1. **set_index()**: Sets the DataFrame index (row labels) using one or more existing columns or arrays. Key parameters include:
   - `keys`: Column name(s) or array(s) to use as the new index
   - `drop`: Whether to delete the column(s) used as the new index
   - `append`: Whether to append columns to the existing index
   - `inplace`: Whether to modify the DataFrame in place
   - `verify_integrity`: Whether to check the new index for duplicates

2. **to_csv()**: Writes the DataFrame to a comma-separated values (CSV) file. This method provides many options for customizing the output format, including:
   - `path_or_buf`: File path or object to write to
   - `sep`: Field delimiter (default is ',')

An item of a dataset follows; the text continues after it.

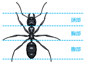 (1)昆虫類の体は、\(\boxed{ア}\) 部、\(\boxed{イ}\) 部、\(\boxed{ウ}\) 部の 3 つの部分に分かれています。足は \(\boxed{イ}\) 部に \(\boxed{エ}\) 本あります。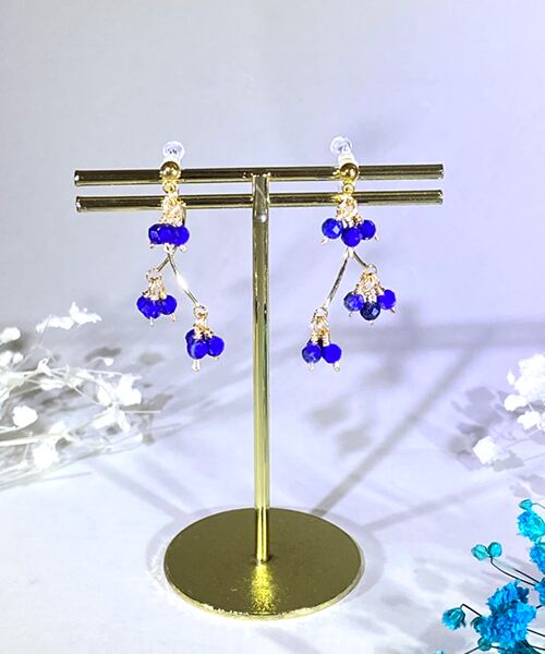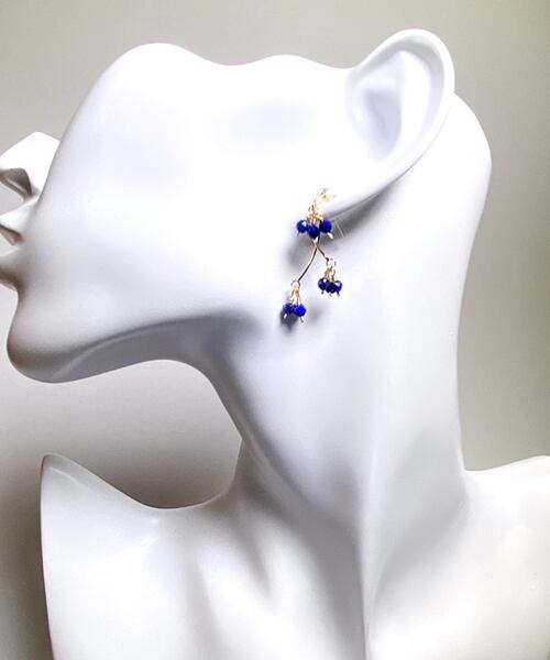 3㎜のラウンドカットのラピスラズリが輝く、シャンデリア風ピアスに仕上げました。

   - `na_rep`: How to represent missing values
   - `float_format`: Format string for floating point numbers
   - `columns`: Which columns to write
   - `header`: Whether to write column names and what to call them
   - `index`: Whether to write row names (index)
   - `index_label`: Column label for index column(s)
   - `encoding`: Character encoding for the output
   - `compression`: Compression mode for the output file

These methods are essential for data manipulation and exporting data from pandas to CSV files for sharing or further processing.